(Data items)
>>>>

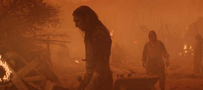 이 정체불명의 일행들은 밤낮으로 이방인의 행적을 찾으면서 이방인을 추적하고 있는 듯하다. 그리고 이때 노리가 나타나 이방인은 다른 곳으로 갔다며 정체불명의 일행들을 다른 길로 인도하려고 하는데 노리의 아버지가 그들에게 횃불을 들이대면서 노리를 보호하려고 한다. 하지만 이들의 리더는 손으로 불을 끄고 입바람으로 털발족들의 마을을 모두 불태워버린다.
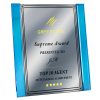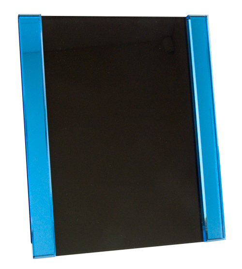 Blue highlight either side of a clear acrylic plaque with a black coating on the back. Includes full colour text or image printed / engraving onto an aluminium plate and fixed to the front of the plaque. Gold, Silver and White aluminium is available to select from.
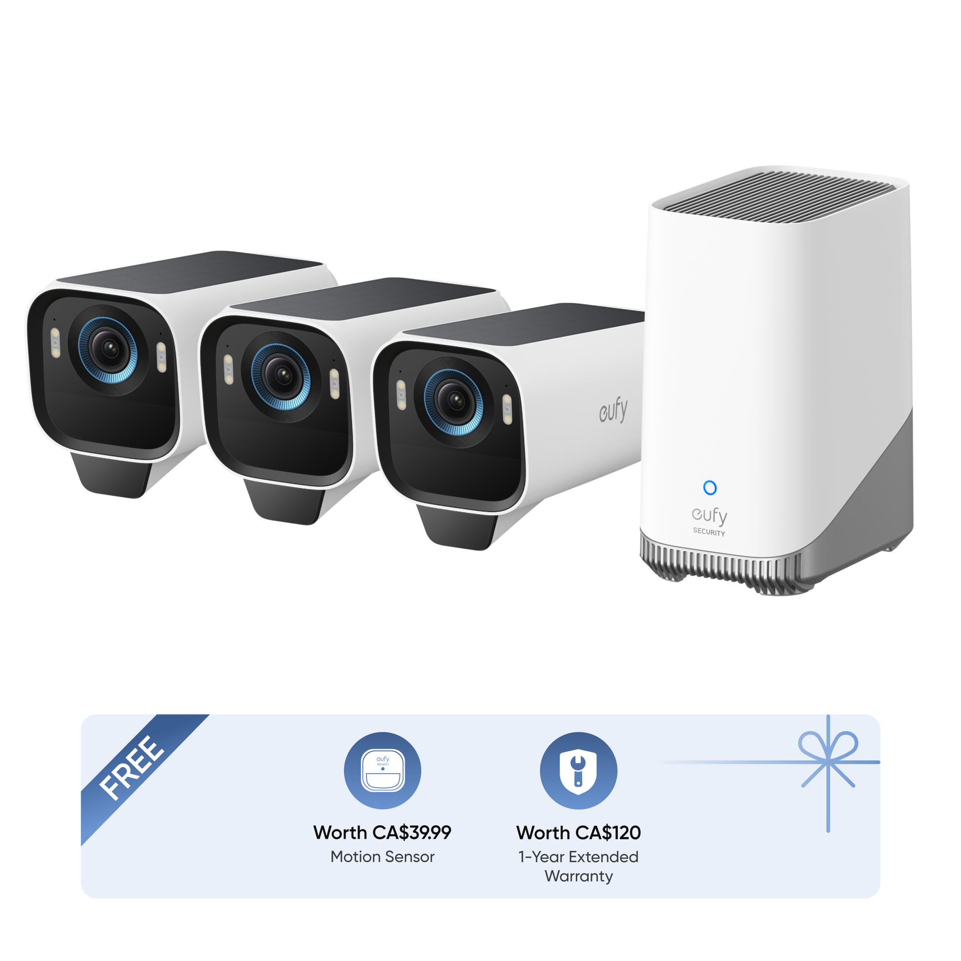 eufyCam S3 Pro 3-Cam Kit + Motion Sensor + 1-Year Extended Warranty
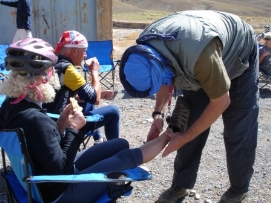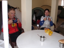 Vu que nous avions une montée de 2000m devant nous aujourd'hui, nous avons décidé de commencer tôt. Comme nous avions dormis dans le Kasbah, ce n'était pas trop difficile pour nous, mais pour ceux qui avaient dormis dans leurs tentes, c’était une toute autre histoire. Il y avait eu un orage avec une tempête de pluie pendant la nuit, beaucoup étaient trempés. Rik, qui avait mis sa tente sur le toit plat du Kasbah, s'est retrouvé dans une piscine. "Tout est mouillé" il m’a dit "ma tente, mes vêtements et moi-même". Ces derniers jours, beaucoup de personnes sont tombées malades. Aujourd'hui 7 personnes sont restées dans le bus, ce qui est un record. L'organisation avait une surprise pour nous. À la place d’un campement en plein nature, ils avaient organise une campement dans un batiment vide tout près des boutiques de souvenirs. Rudy nous a préparé un excellent repas et nous avons celebre les 4000km que nous avons dépassé aujourd’hui. Retournez au-dessus |
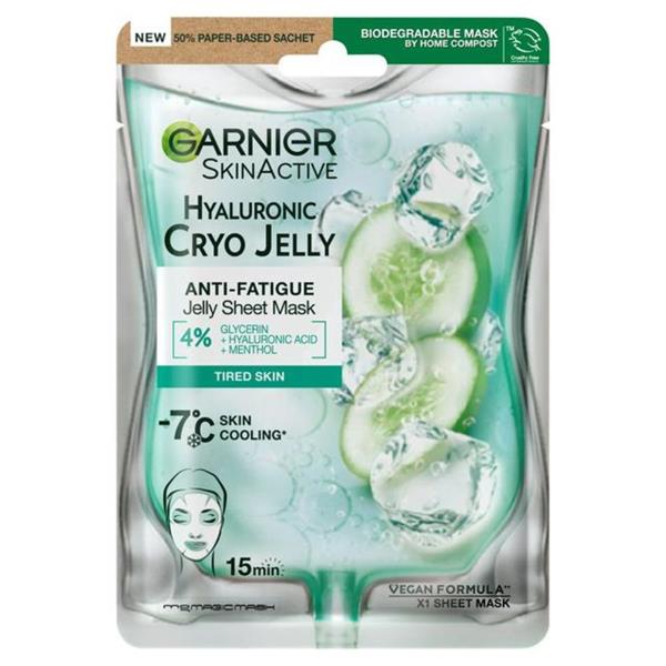 Discover Garnier's NEW Cryo Jelly Anti-Fatigue Jelly Sheet Mask. Discover the power of Cryo Jelly, a second-skin like jelly mask that cools skin’s temperature by -7°C* and instantly minimises signs of fatigue and firms skin by up to +18%. (Instrumental test, 43 subjects, 1H after application).
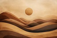 Een landschap ontvouwt zich in zachte aardetinten, glijdend door de tijd als golven. Een gloeiende bol zonlicht zweeft majestueus boven de glooiende heuvels en baadt alles in warm licht. De harmonieuze vormen en het kalme kleurverloop nodigen je uit voor een meditatieve reis die een gevoel van ruimte en rust uitstraalt.
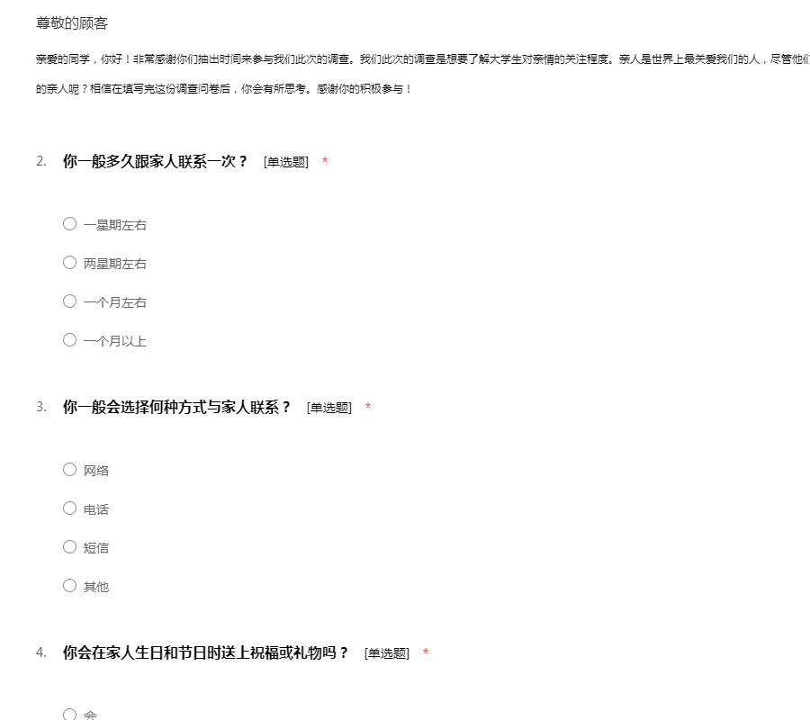 亲爱的同学,你好!非常感谢你们抽出时间来参与我们此次的调查。我们此次的调查是想要了解大学生对亲情的关注程度。亲人是世界上最关爱我们的人,尽管他们的方式并不相同。但我们最爱的,又是否是我们的亲人呢?相信在填写完这份调查问卷后,你会有所思考。感谢你的积极参与!

<<<<

» REQUIRED ACTION: Your answer should reproduce every line of the data verbatim and include no images.

» COMPLETED EXERCISE:
 이 정체불명의 일행들은 밤낮으로 이방인의 행적을 찾으면서 이방인을 추적하고 있는 듯하다. 그리고 이때 노리가 나타나 이방인은 다른 곳으로 갔다며 정체불명의 일행들을 다른 길로 인도하려고 하는데 노리의 아버지가 그들에게 횃불을 들이대면서 노리를 보호하려고 한다. 하지만 이들의 리더는 손으로 불을 끄고 입바람으로 털발족들의 마을을 모두 불태워버린다.
 Blue highlight either side of a clear acrylic plaque with a black coating on the back. Includes full colour text or image printed / engraving onto an aluminium plate and fixed to the front of the plaque. Gold, Silver and White aluminium is available to select from.
 eufyCam S3 Pro 3-Cam Kit + Motion Sensor + 1-Year Extended Warranty
 Vu que nous avions une montée de 2000m devant nous aujourd'hui, nous avons décidé de commencer tôt. Comme nous avions dormis dans le Kasbah, ce n'était pas trop difficile pour nous, mais pour ceux qui avaient dormis dans leurs tentes, c’était une toute autre histoire. Il y avait eu un orage avec une tempête de pluie pendant la nuit, beaucoup étaient trempés. Rik, qui avait mis sa tente sur le toit plat du Kasbah, s'est retrouvé dans une piscine. "Tout est mouillé" il m’a dit "ma tente, mes vêtements et moi-même". Ces derniers jours, beaucoup de personnes sont tombées malades. Aujourd'hui 7 personnes sont restées dans le bus, ce qui est un record. L'organisation avait une surprise pour nous. À la place d’un campement en plein nature, ils avaient organise une campement dans un batiment vide tout près des boutiques de souvenirs. Rudy nous a préparé un excellent repas et nous avons celebre les 4000km que nous avons dépassé aujourd’hui. Retournez au-dessus |
 Discover Garnier's NEW Cryo Jelly Anti-Fatigue Jelly Sheet Mask. Discover the power of Cryo Jelly, a second-skin like jelly mask that cools skin’s temperature by -7°C* and instantly minimises signs of fatigue and firms skin by up to +18%. (Instrumental test, 43 subjects, 1H after application).
 Een landschap ontvouwt zich in zachte aardetinten, glijdend door de tijd als golven. Een gloeiende bol zonlicht zweeft majestueus boven de glooiende heuvels en baadt alles in warm licht. De harmonieuze vormen en het kalme kleurverloop nodigen je uit voor een meditatieve reis die een gevoel van ruimte en rust uitstraalt.
 亲爱的同学,你好!非常感谢你们抽出时间来参与我们此次的调查。我们此次的调查是想要了解大学生对亲情的关注程度。亲人是世界上最关爱我们的人,尽管他们的方式并不相同。但我们最爱的,又是否是我们的亲人呢?相信在填写完这份调查问卷后,你会有所思考。感谢你的积极参与!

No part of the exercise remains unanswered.